++++ DATASET EXTRACT ++++

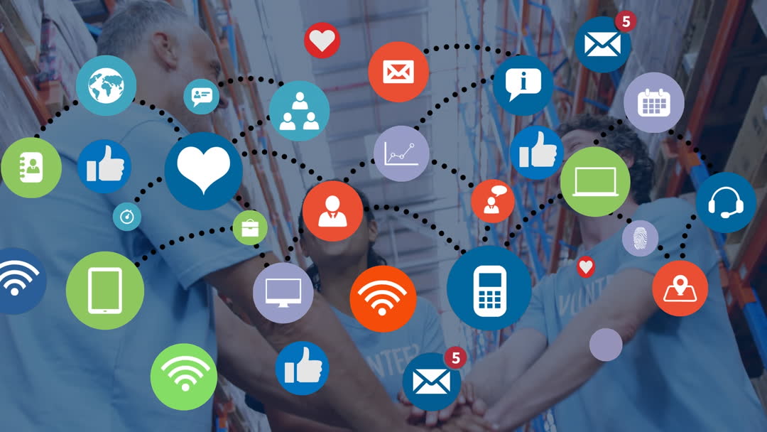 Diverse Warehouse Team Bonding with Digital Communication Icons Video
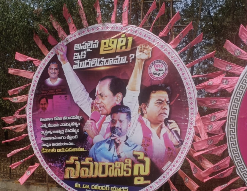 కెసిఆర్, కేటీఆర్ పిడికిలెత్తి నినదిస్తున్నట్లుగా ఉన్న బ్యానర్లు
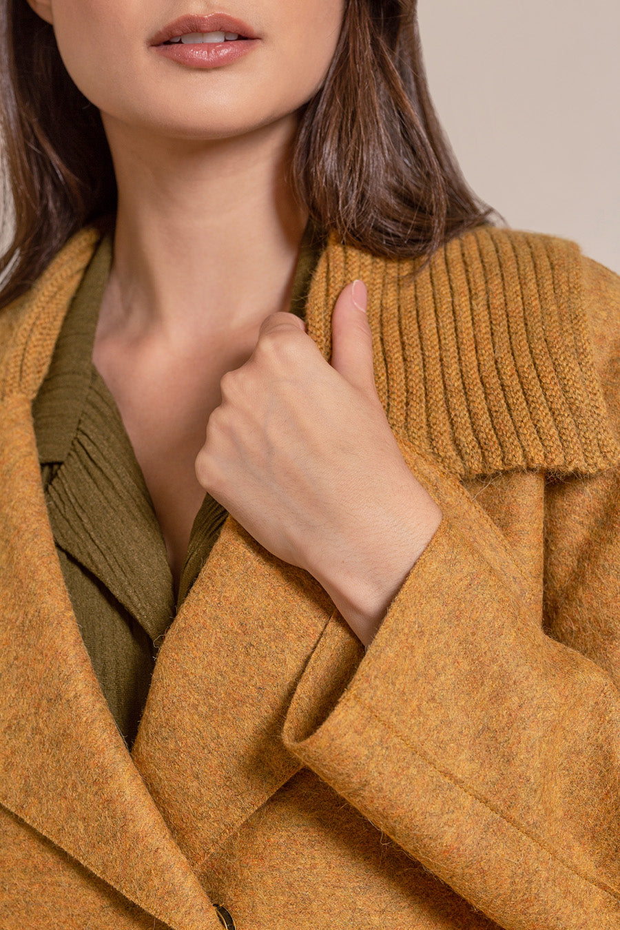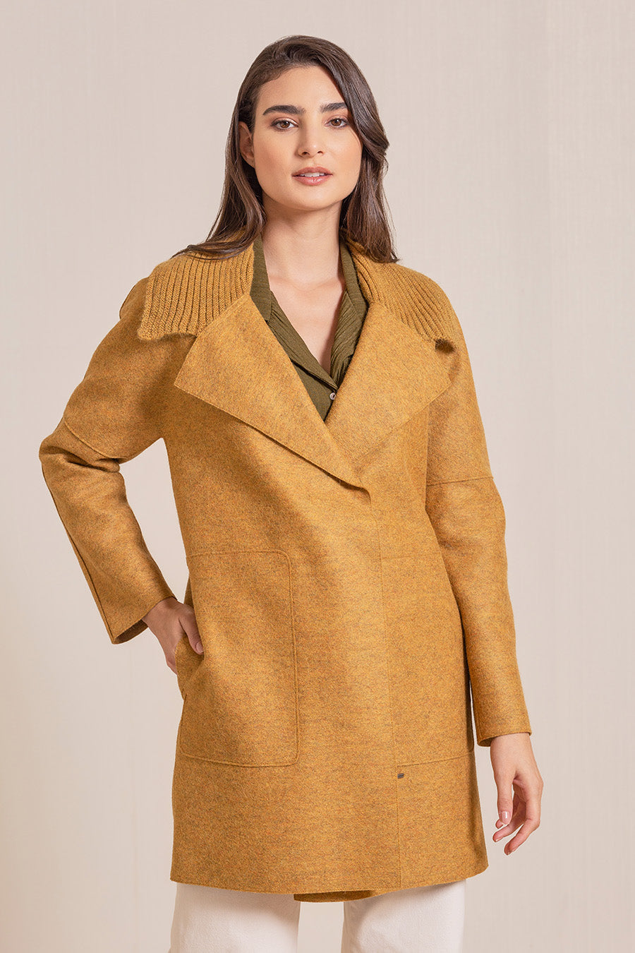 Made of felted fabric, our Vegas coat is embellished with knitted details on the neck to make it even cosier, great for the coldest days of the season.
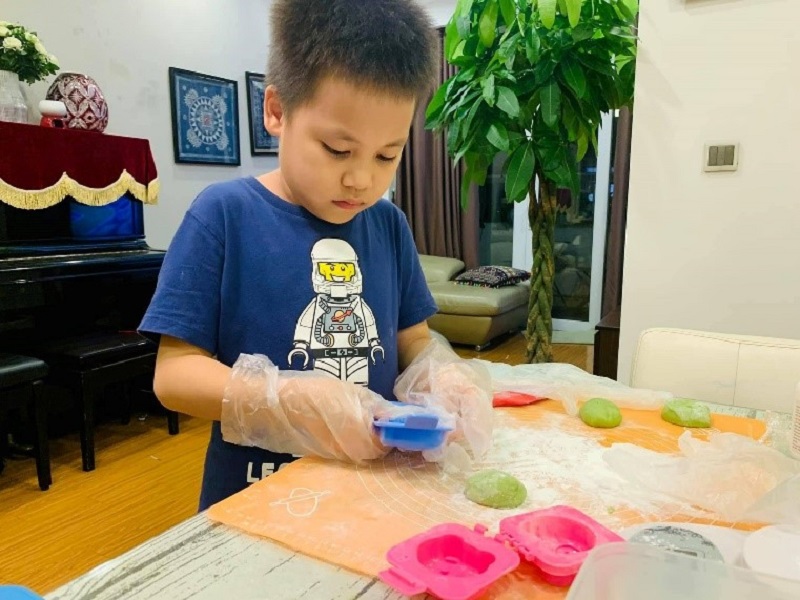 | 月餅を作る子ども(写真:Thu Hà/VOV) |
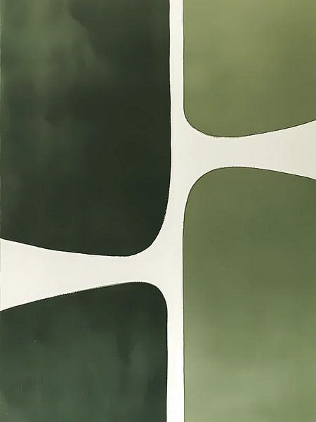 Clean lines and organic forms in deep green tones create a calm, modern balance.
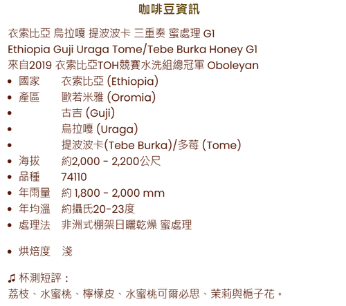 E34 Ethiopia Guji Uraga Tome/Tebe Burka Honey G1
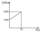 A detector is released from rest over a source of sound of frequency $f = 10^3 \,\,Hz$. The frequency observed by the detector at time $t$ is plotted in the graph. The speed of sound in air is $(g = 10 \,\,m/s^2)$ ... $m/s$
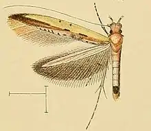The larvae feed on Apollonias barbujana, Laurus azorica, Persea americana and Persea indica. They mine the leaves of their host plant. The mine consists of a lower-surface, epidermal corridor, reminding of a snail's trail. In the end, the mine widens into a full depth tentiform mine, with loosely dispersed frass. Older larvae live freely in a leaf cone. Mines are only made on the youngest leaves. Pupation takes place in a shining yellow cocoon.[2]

++++

PROBLEM STATEMENT: Write the entries above out again exactly, omitting each image.

TASK RESPONSE:
 Diverse Warehouse Team Bonding with Digital Communication Icons Video
 కెసిఆర్, కేటీఆర్ పిడికిలెత్తి నినదిస్తున్నట్లుగా ఉన్న బ్యానర్లు
 Made of felted fabric, our Vegas coat is embellished with knitted details on the neck to make it even cosier, great for the coldest days of the season.
 | 月餅を作る子ども(写真:Thu Hà/VOV) |
 Clean lines and organic forms in deep green tones create a calm, modern balance.
 E34 Ethiopia Guji Uraga Tome/Tebe Burka Honey G1
 A detector is released from rest over a source of sound of frequency $f = 10^3 \,\,Hz$. The frequency observed by the detector at time $t$ is plotted in the graph. The speed of sound in air is $(g = 10 \,\,m/s^2)$ ... $m/s$
The larvae feed on Apollonias barbujana, Laurus azorica, Persea americana and Persea indica. They mine the leaves of their host plant. The mine consists of a lower-surface, epidermal corridor, reminding of a snail's trail. In the end, the mine widens into a full depth tentiform mine, with loosely dispersed frass. Older larvae live freely in a leaf cone. Mines are only made on the youngest leaves. Pupation takes place in a shining yellow cocoon.[2]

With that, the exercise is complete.